Warsaw, 14 March 1947. Halina Wereńko, member of the District Commission for the Investigation of German Crimes in Poland, heard the person named below as an unsworn witness. Having been advised of the criminal liability for making false declarations, the witness testified as follows:


Name and surname Jan Kurek
Parents’ names Adam and Lucyna
Date of birth 6 August 1916 in Mszczonów
Education elementary school and a craft school
Religious affiliation Roman Catholic
Place of residence Warsaw, Olimpijska Street 23, flat 2
Nationality and state affiliation Polish
Occupation car fitter

During the Warsaw Uprising, I lived at Olimpijska Street 23 in Warsaw. On 1 August 1944, after pushing back an insurgent attack, the Germans took the civilians they had forced from their homes into the fort dungeon. Where I lived, the removal of people from their homes proceeded without much violence. It was 4.30 p.m. [sic]. On 3 or 4 August, the Germans told a group of men from the dungeon to clear away the corpses. I was in that group; we dug two graves at Racławicka Street. We buried some 19 bodies of insurgents who had fallen during the attack on 1 August and some 14 corpses recovered from the basement of a house at the corner of Balonowa and Racławicka streets, where Maria Konarska had a store. I heard that on 1 August the first shots were fired from that house and after the repulsion of the attack, in revenge, the Germans had surrounded the house, forbidding the civilians to leave the premises, and then thrown grenades into the basement and set the house on fire. On 3 August, along with a German captain, Rudolf (I am not sure as to him), our group entered the basement of that house to take the corpses away. The Germans stayed outside and when we entered the basement, we saw that some people were still alive. As they overheard our conversation, the Germans ordered us out and then, in our presence, threw grenades into the basement. When we went down to the basement again, we saw that two people were still alive: Maria Konarska, who was only injured in the leg, and a young boy, unknown to me, about 21–22 years old. The Germans took the boy to the command post of the fort at Racławicka Street, and we placed Maria Konarska, already on a stretcher, in the yard of the house at the corner of Balonowa and Racławicka streets. Then we were ordered to transfer 14 corpses from the basement to the graves we had just dug. We didn’t see Maria Konarska afterwards.

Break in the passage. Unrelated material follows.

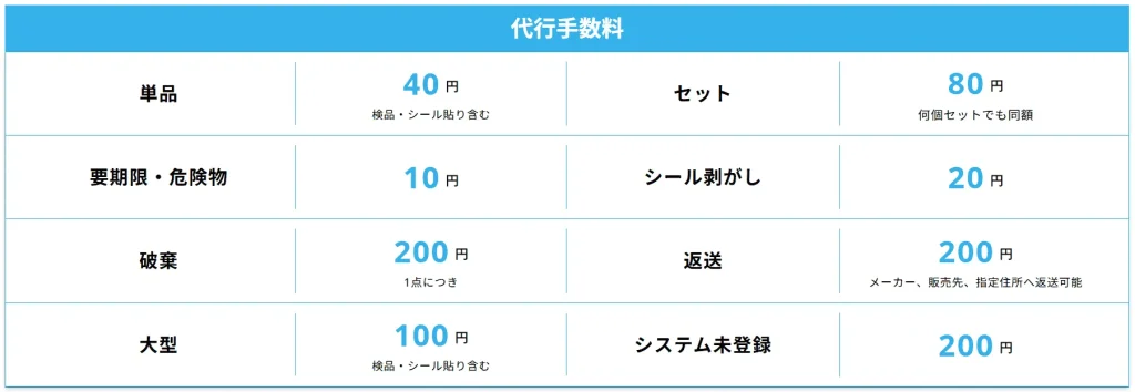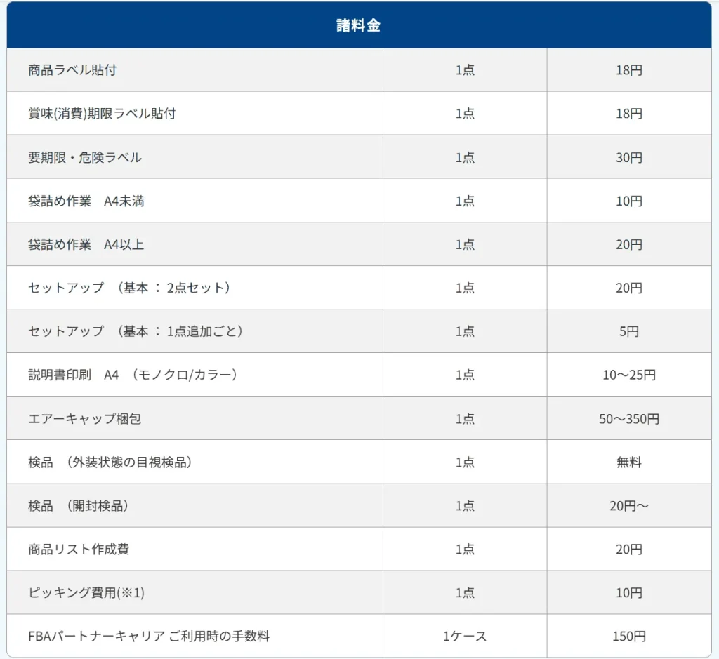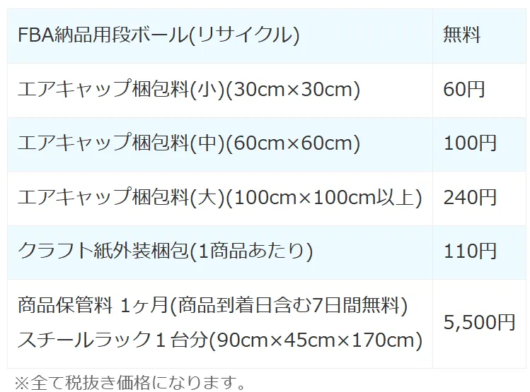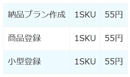 FBA納品代行のサービス利用料は次の通りとなっています。
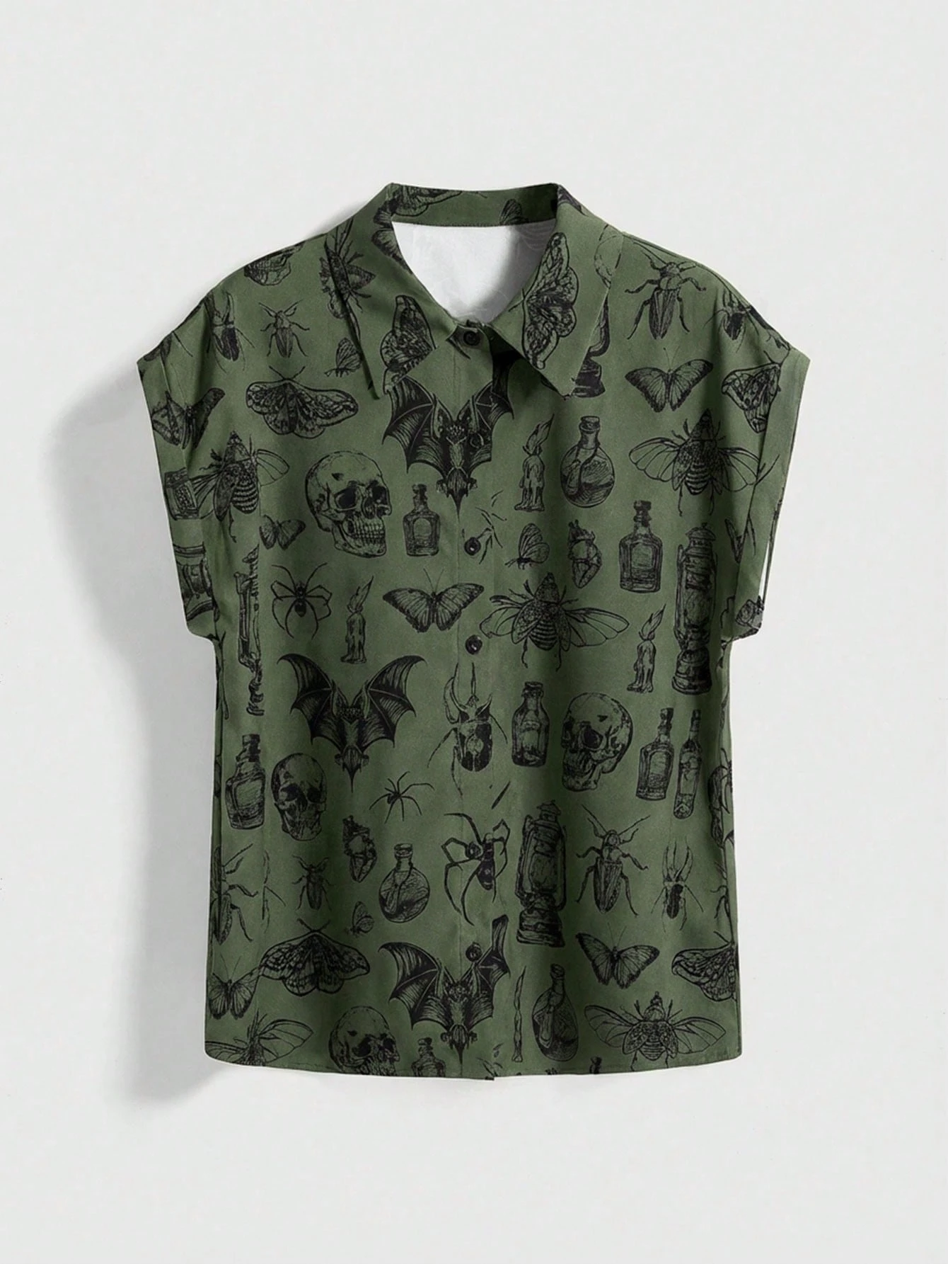 Chemise vintage à simple boutonnage style gothique décontracté avec lune et plante pour femmes

Only in the summer of 1946, when a pile of fertilizer in the courtyard of the house on the corner of Racławicka and Balonowa streets was moved, the corpse of Maria Konarska was found underneath, uncovered by her brother.

When I was in the dungeon, I heard rumors that General Doerfler had set up a court martial to try insurgents and chance passers-by who got caught, condemning them to death.

Until 15 August 1944, that is until the air force general Doerfler held the command of the fort, the civilians were not harassed. When Doerfler left with a unit of airmen, the situation got worse, the treatment of civilians deteriorated, and if I remember the date correctly, on 20 August 1944, all the people were deported to the Pruszków transit camp.

At that the report was concluded and read out.